Greetings to the list,

A simple question: On an 05 Sentra 1.8, are the Temp Control, Fan Control and A/C Mode Control knobs backlit? 

I drove my son's new (to him- we just got it last week for him) 05 Sentra this evening in the dark, and the only A/C Control panel lighting was for the three pushbutton controls (Rear Defogger, AC Recirc & A/C)- the back panel for the 3 knobs were dark. Normal? It seemed kinda dark.

Thanks and glad to be here,

czar
Tampa

We are now an all-Nismo family: 08 Altima, 07 Versa, 06 Sentra, 05 Sentra


----------



## SPEEDO (Jun 9, 2003)

not the knobs....


welcome aboard!


----------



## vectorczar (Sep 11, 2007)

I didn't mean the knobs themselves but the area behind them, i.e., the temp gradient scale & fan speed for the Temp Control & Fan Control (respectively), and the function indicator on the AC Function Control. 

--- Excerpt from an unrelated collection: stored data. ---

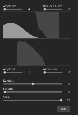 Verstärkt die Intensität der Aufhellung aller Bildbereiche. Die Kurve erhöht sich. Nach links: Verringert die Intensität der Aufhellung und die Höhe der Kurve. Steht der Regler "Ausschlag" auf 0, wird das Bild nicht aufgehellt. Bei einem Ausschlagwert von 100 - 200 erhöht sich der Grad der Beschneidung proportional. In den meisten Fällen ist es nicht notwendig, den Ausschlag zu ändern. |
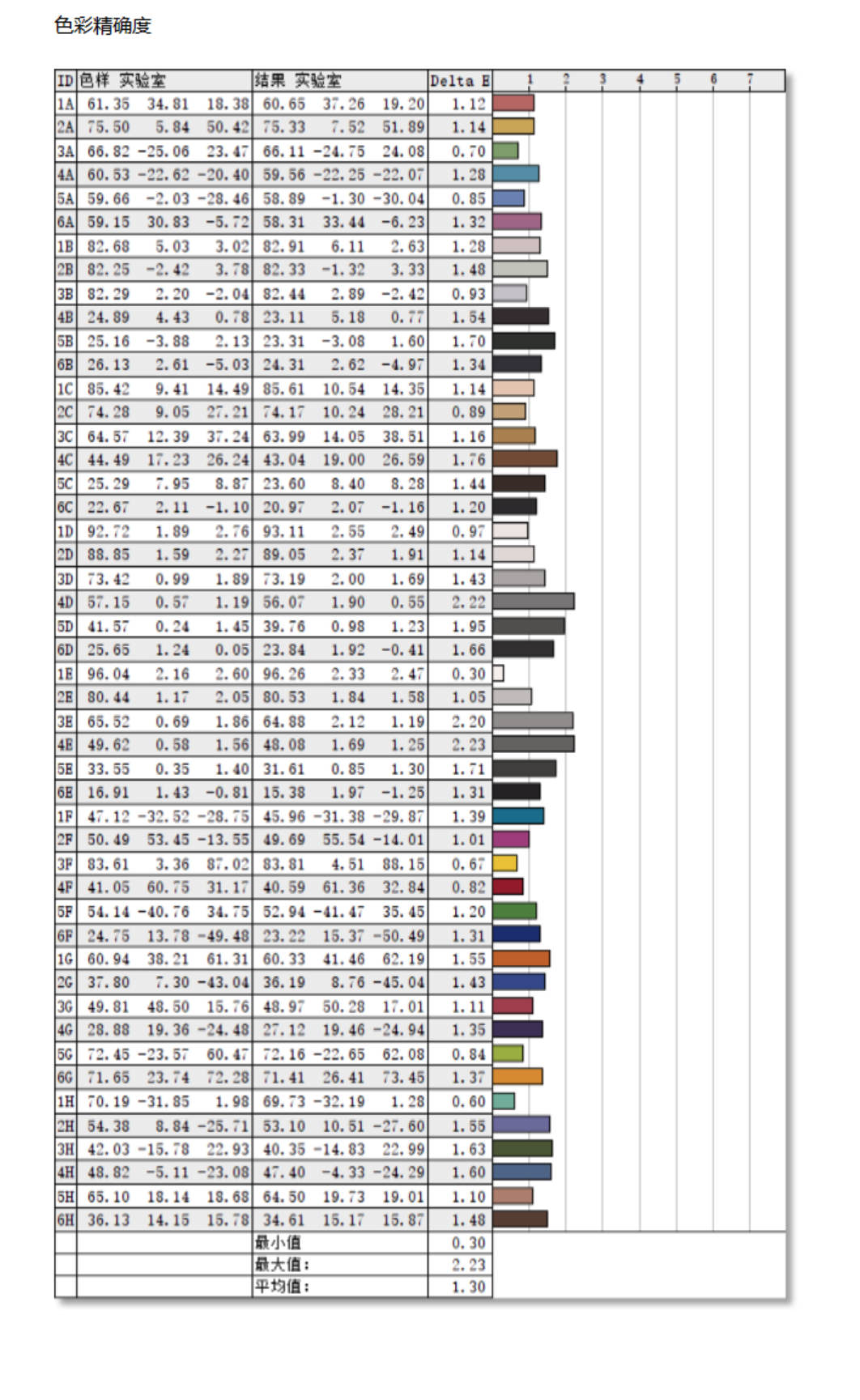 光度曲线部分,OSD内置标准曲线为2.2,实际测试与标准2.2曲线基本玩全匹配(偏差值0.00)。色温一致性方面,40%灰阶以上色温在7050K~7120K之间,仅70K的色温偏差应该是出厂校色的功劳。
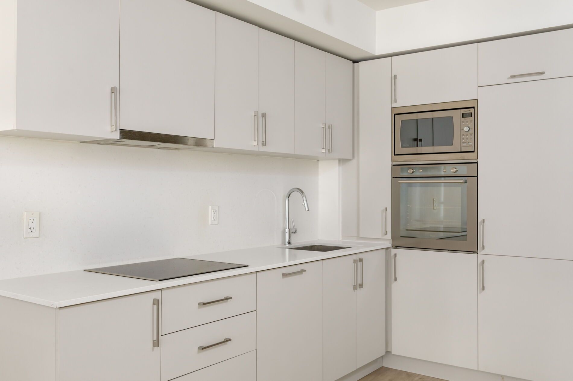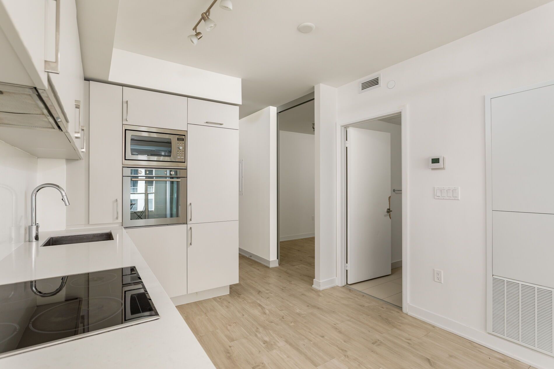 Welcome home to this fabulous 2 bedroom, 2 bathroom condominium featuring 632 square feet of living space. An exceptionally functional floor plan, the unit maximizes the use of available floor space with an open concept design that is both functional and aesthetically appealing. The main living area includes a classic all-white chef's kitchen with custom cabinetry with high-end built-in appliances, a built-in electric cooktop and a floating marble-top kitchen island, all of which is open to the combined living and dining room, including a walk-out to a nicely appointed balcony. Inside the generously proportioned primary suite, you'll find a large walk-in closet and a 3-piece ensuite bathroom with floor-to-ceiling windows. The second bedroom, which can also function as a den, offers comfort and privacy with a frosted glass sliding door plus easy access to the additional 4-piece bathroom. With upgrades throughout, including custom roller blinds in the primary bedroom and living room, this unit offers all the comforts of home while also being conveniently located a short walk away from every amenity imaginable, including transit, shopping, restaurants and entertainment. Building amenities include a heated rooftop swimming pool, community bbqs, full-size gym, guest suites, a party room and an amazing co-working space. Tenant pays water & hydro monthly.
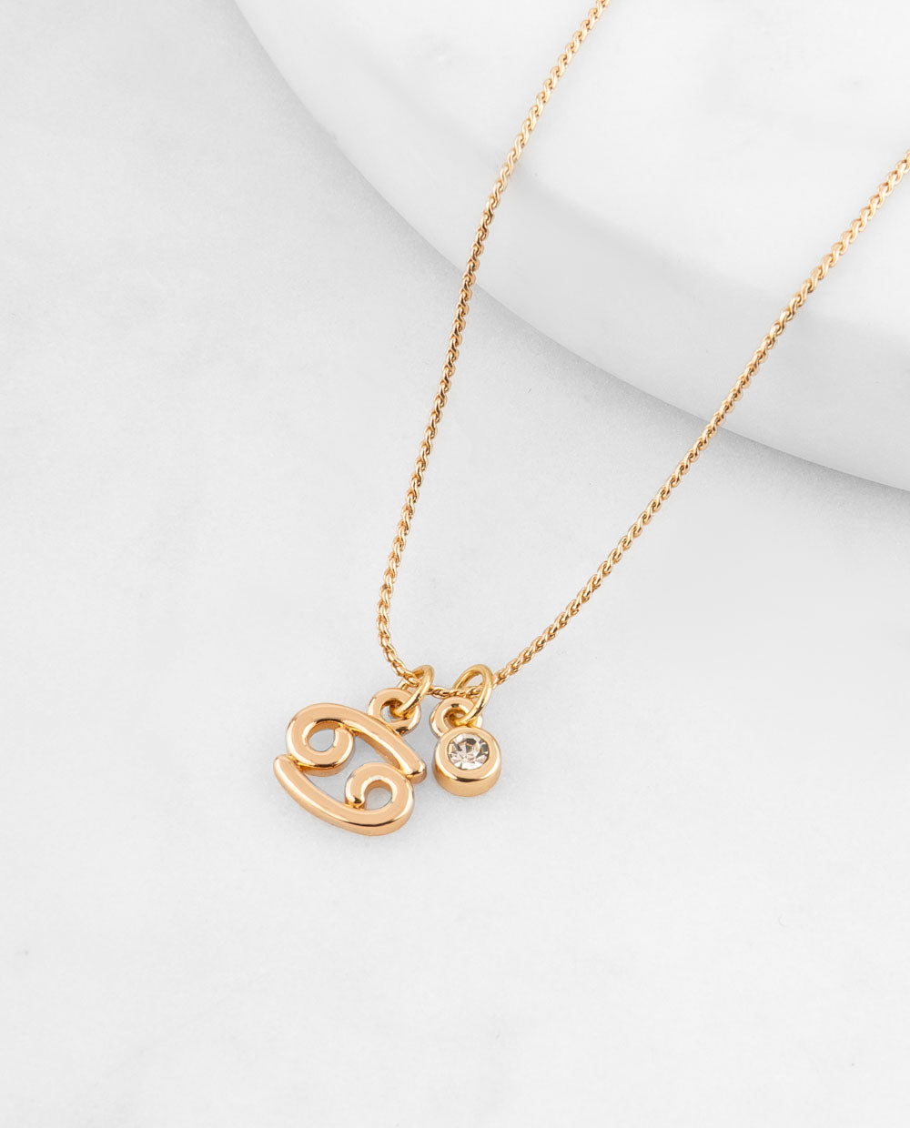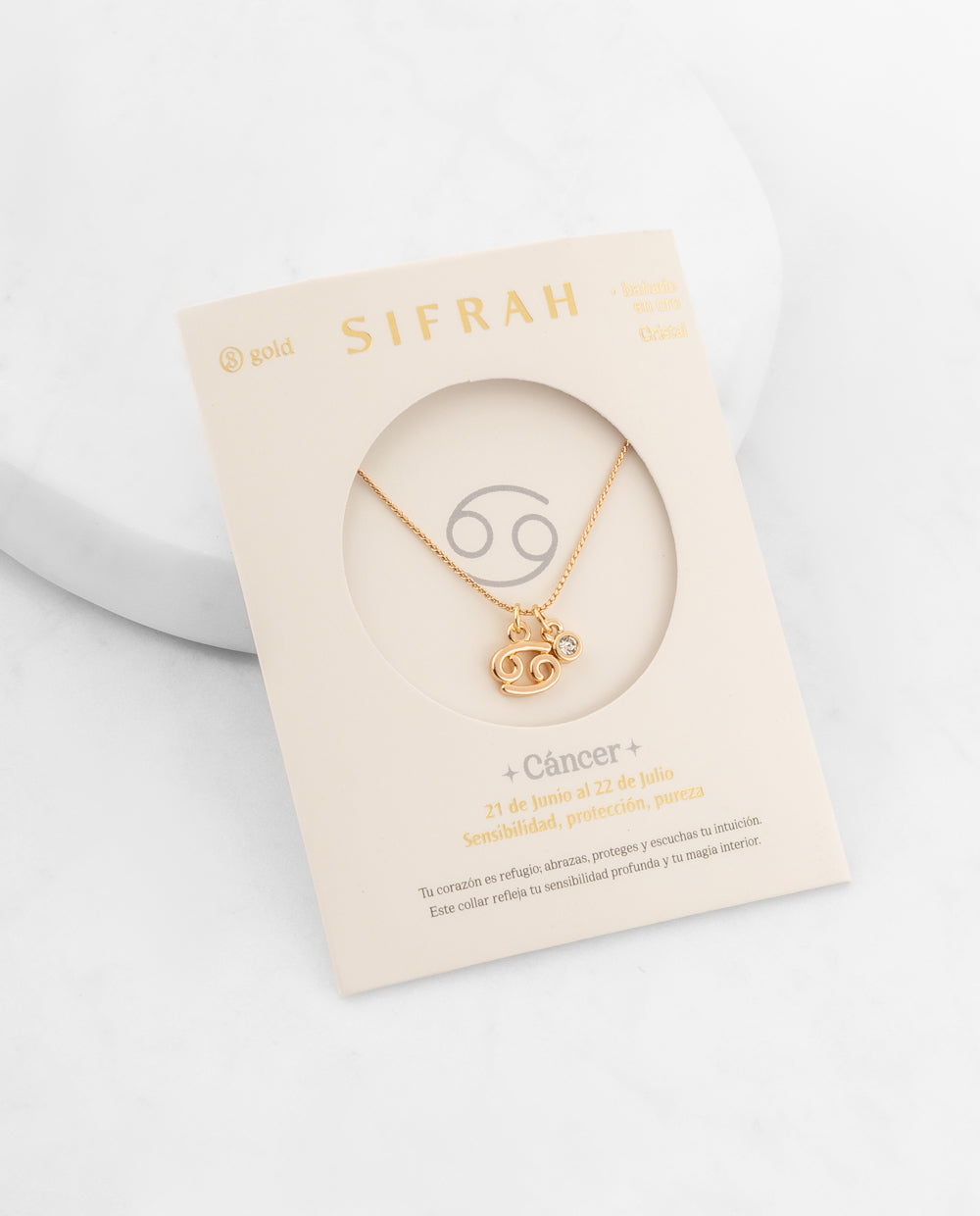 Collar dorado bañado en oro con dije del signo del zodiaco Cáncer y detalle de cristal. Bisutería de la colección premium, hipoalergénica perfecta para pieles sensibles.
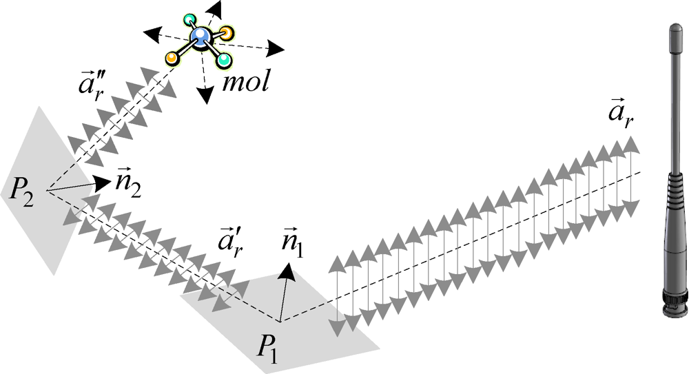 According to the descriptions given above, we suppose that any existing interface in the natural environment functions as an action on the polarization vector (a⃗r) of the EM wave. Assuming that there are Np interfaces (Pi’s) given by:
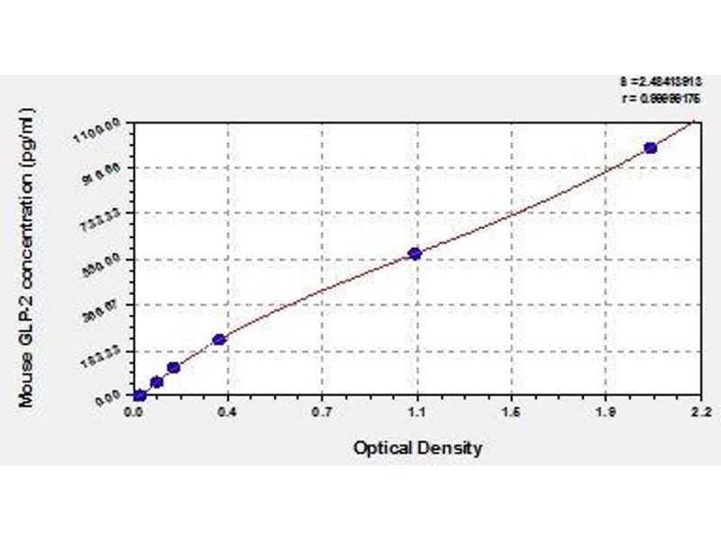 GLP-2 Reactivity: Mouse Colorimetric Competition ELISA 24.69 pg/mL - 2000 pg/mL Plasma, Serum

Currently the *only* lit item are the 3 buttons (Rear Defog, Recirc & AC)- everything else is dark.

czar


----------



## smj999smj (Jan 1, 2006)

There are replaceable lamps per the Nissan parts diagram, but they are a bit pricey (Nissan MSRP is $29.12 each and looks like there are two of them). Part number is 27545-4Z400.

Refer part code "27545" in the diagram below:

Part Detail


----------



## vectorczar (Sep 11, 2007)

Thanks for the info and diagram. I'm really thinking of going the LED/resistor route and be done with it forever.

Thanks again,

czar


----------



## OneHotV6 (Jun 9, 2004)

I had to replace a bulb that blew, yes it was pricey and a pain in the butt to replace..!! Hope the other one never blows out...!


----------